Within provider families, newer always beats older. This holds without exception across all 8 providers tested. The gap also widens for post-2026 releases, suggesting the industry is directionally improving on this dimension even if no model has solved it.

Zero-Regression Rate (higher is better)

Fraction of tasks where the agent introduced zero regressions across all CI iterations

Claude Opus (series)above 50%

Most other modelsbelow 25%

18 models from 8 providers tested. Approximate ranges; exact per-model scores not published in the preprint.

The paper also finds that provider preferences diverge when the EvoScore weighting parameter (γ) changes. Some providers — MiniMax, DeepSeek, GPT — score better when long-term stability is weighted heavily. Others — Kimi, GLM — score better under short-term weighting. Claude and Qwen are stable across both.
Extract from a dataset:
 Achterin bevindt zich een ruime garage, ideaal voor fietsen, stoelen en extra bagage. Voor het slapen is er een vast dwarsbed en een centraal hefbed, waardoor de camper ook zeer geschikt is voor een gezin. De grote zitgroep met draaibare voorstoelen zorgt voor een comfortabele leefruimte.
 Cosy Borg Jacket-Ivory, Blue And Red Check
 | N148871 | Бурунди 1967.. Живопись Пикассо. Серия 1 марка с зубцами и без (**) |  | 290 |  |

What you optimize for matters, and different architectures / training regimes produce different tradeoff profiles.

Why This Is Hard

The reason regression rates are so high is probably structural: agents are local optimizers. They see the current failing tests, fix them, and move on. They don’t model how their change interacts with tests that are currently passing, especially across a 200-day history of accumulated logic.
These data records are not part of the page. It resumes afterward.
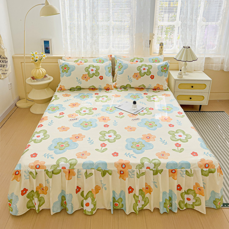 极梦家纺(支持定制) 2025新款春秋130克加厚植物羊绒磨毛印花单床裙三件套 云朵泡芙
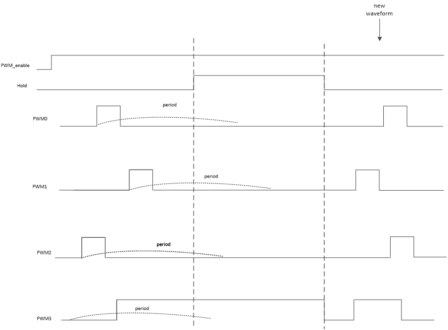 Group的Hold功能可以让加入到Group中的PWM在完成Hold命令前的周期波形之后停止。
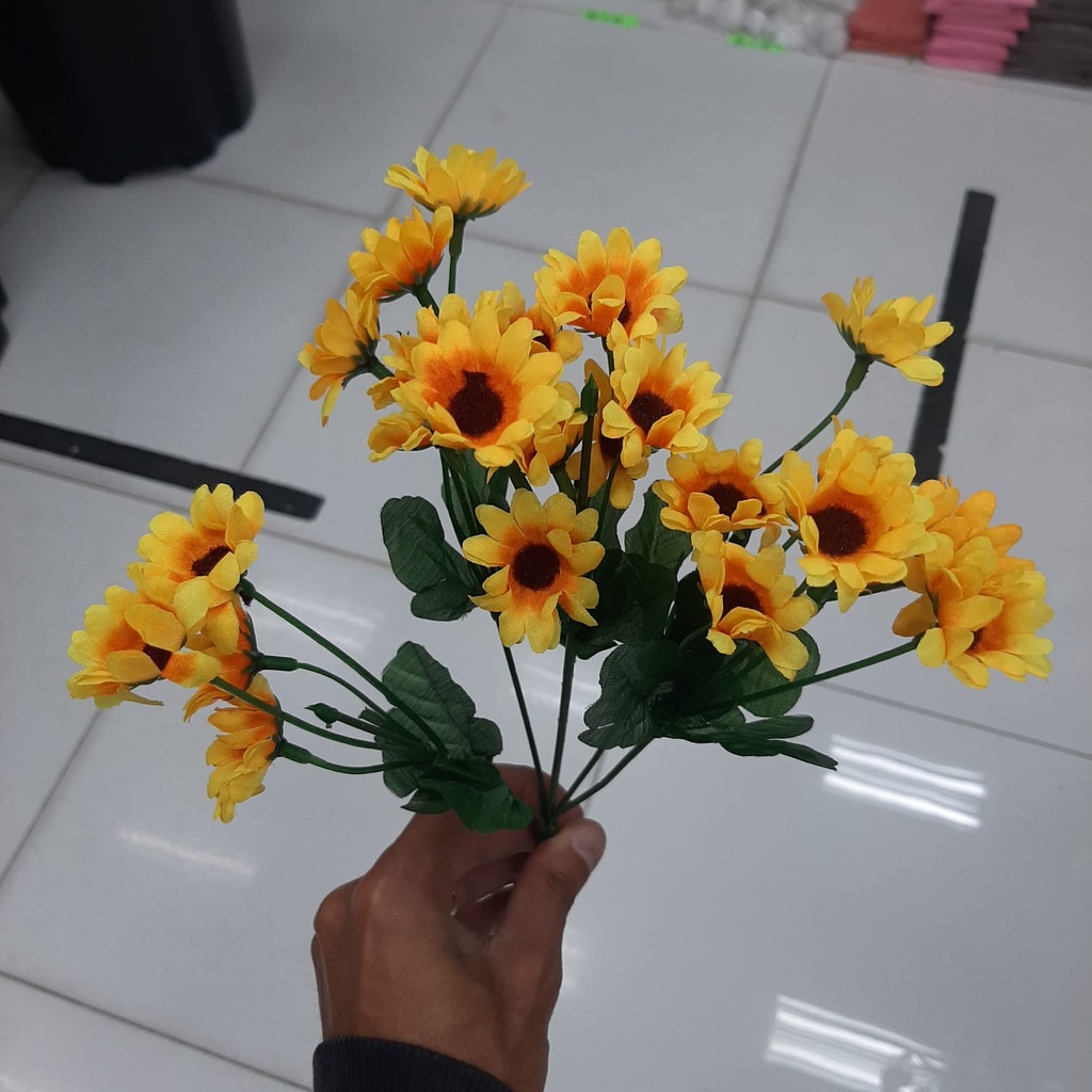 Arranjo com 24 flores de Girassol produto de ótima qualidade artificial perfeito para montar arranjos, decoração, cestas e muito mais pedidos ate as 13 horas são enviados no mesmo dia. Dimensões aproximada do produto: Altura:30 cm Diâmetro de cada flor 4cm composição: Seda, arame e plástico aguardamos sua compra.
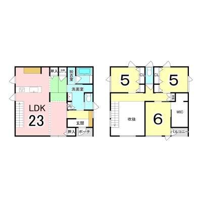 | 間取り | 3LDK1階:LDK23帖 / 2階:洋室5帖 洋室5帖 洋室6帖 |
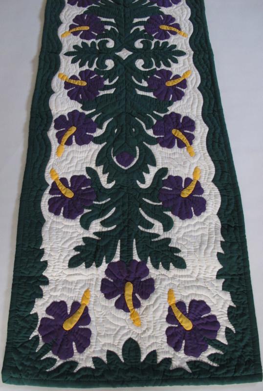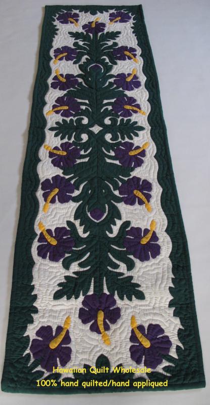 This is a brand new, 100% HAND QUILTED and HAND APPLIQUED table runner. It can be used as a wall hanging, bed runner or counter spaces. Add some Hawaiian style and bring Aloha to your home or office. It makes a terrific gift for any special occasion! It can also be framed beautifully.
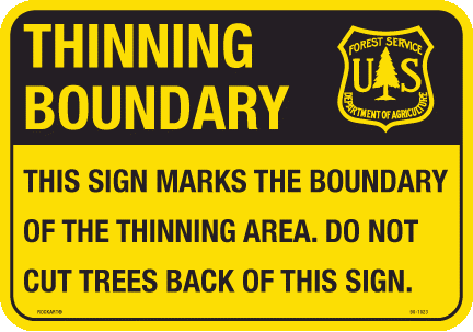 90-102310" x 7" signThinning boundary. This sign marks the boundary of the thinning area. Do not cut trees back of this sign. With the US Forest Service logo. .024 Poly-Flex. Yellow/black. Non-reflective.
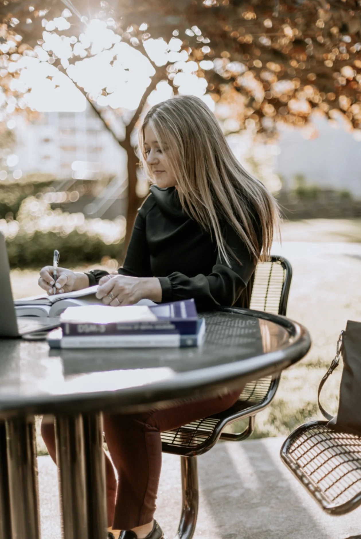 A woman with long light brown hair is sitting at an outdoor table, writing in a notebook. She is dressed in a black top and red pants, with books and a laptop in front of her. The background features a tree with orange leaves and a blurred outdoor setting.
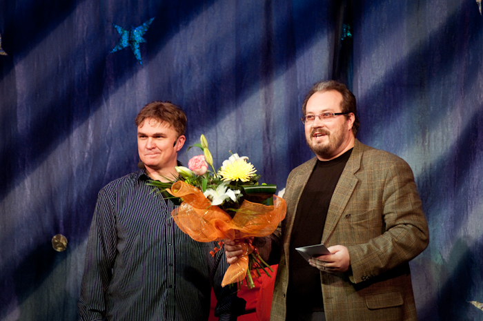Нужно ли говорить, что зрительный зал оказался заполнен под завязку? Посмотреть на своего любимца пришли и стар, и млад. Обошлось, правда, без самых маленьких посетителей этого театра, ведь им только предстоит оценить кропотливую и творческую работу того, кто в этот вечер принимал поздравления. А вот среди взрослых желающих сказать добрые слова оказалось не мало: за свои 45 лет Валерий Скиданов приобрёл множество друзей и поклонников как из числа первых лиц, так и коллег по цеху, а также простой публики. 18 лет на сцене — дата вроде не круглая, зато сколько зрителей побывали в гостях у кукольной сказки? Те дети, которые приходили на первые спектакли Валерия Михайловича, уже выросли и приводят сюда уже своих малышей.
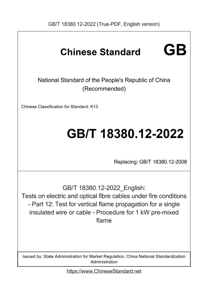 Delivery: <= 3 days. True-PDF full-copy in English will be manually translated and delivered via email. GB/T 18380.12-2022: Tests on electric and optical fibre cables under fire conditions - Part 12: Test for vertical flame propagation for a single insulated wire or cable - Procedure for 1 kW pre-mixed flame Status: Valid GB/T 18380.12: Historical versions
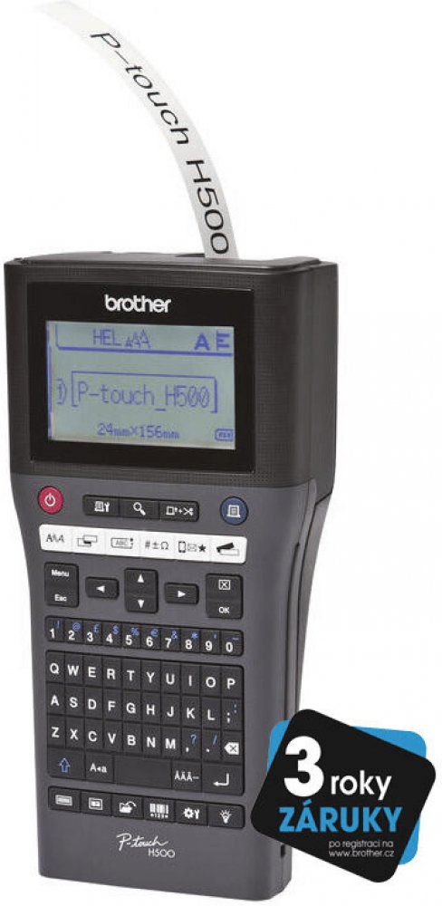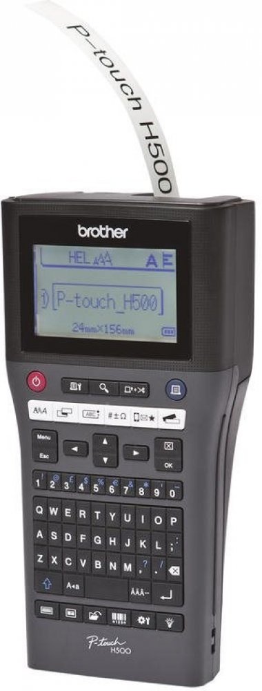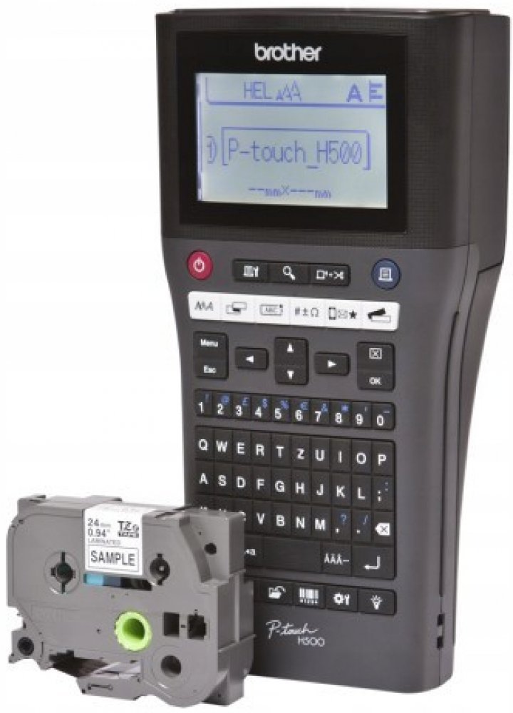 Ruční tiskárna štítků s možností připojení a tisku z PC, pro pásky 3,5-24 mm.Ruční popisovač PT-H500 je vhodný do skladů i terénu. Štítky lze vytvářet pomocí klávesnice nebo je možné tiskárnu připojit k PC a pomocí P-Touch editoru tisknout. Součástí dodávky je páska 24 mm (černé písmo na bílém podkladu) USB kabel a řemínek na ruku. Jako volitelné příslušenství je možné dokoupit Li-ion akumulátor B...
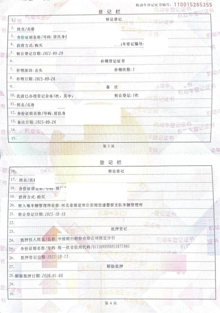 车辆归属地 河北省保定市 车辆停放仓库 河北省保定市保定市
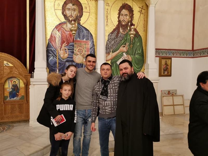У недељу Милостивог Самарјанина у храм Васкрсења Господњег дошли су чувени спортисти Мијат Гаћиновић, Филип Костић и Дејан Јовељић, који наступају за франкфуртски клуб Ајнтрахт (Eintracht) и за репрезентативни тим Републике Србије. Са њима је био и чувени Драгослав Степановић. Сусрет са дјецом у храму и разговор са вјерницима били су на одушевљење младима. Наши спортисти изразили су велико задовољство досадашњим грађевинским радовима у храму (подом, фрескама, звоником…) и подржавају предстојеће планове рада. За дар су од Црквене општине добили Свето Писмо и књигу ,,Гледајмо се у очи” коју је написао наш Владика Г. Григорије.

This is also why the benchmark required 10 billion tokens to run across 18 models. Each task is genuinely long — multiple CI rounds, each involving code comprehension, requirement synthesis, and implementation against a realistic repo. You can’t fake your way through this with pattern matching on file diffs.

The dual-agent split (Architect / Programmer) helps, but it’s still 20 chances to introduce a regression per task. Compound errors add up fast.

Caveats

The benchmark is currently 100 tasks, all Python, all open-source repos with permissive licenses. That’s a deliberate tradeoff for quality over quantity — each task required manual validation — but it’s a narrow slice of real-world software diversity. Enterprise codebases with proprietary dependencies, mixed language stacks, and legacy constraints are not represented.

The exact per-model scores aren’t in the preprint (only qualitative observations and relative rankings). Numerical results are described in terms of observations rather than published leaderboard tables in the version reviewed here.

The 20-iteration cap and 3600-second per-test timeout also set an upper bound on task complexity. Real CI pipelines can be longer and slower — the benchmark is realistic but not exhaustive.

Still, as a signal: if the best models on the market can only avoid regressions half the time on a controlled benchmark, the gap between “writes code that passes tests” and “maintains a codebase reliably” is real, large, and worth measuring.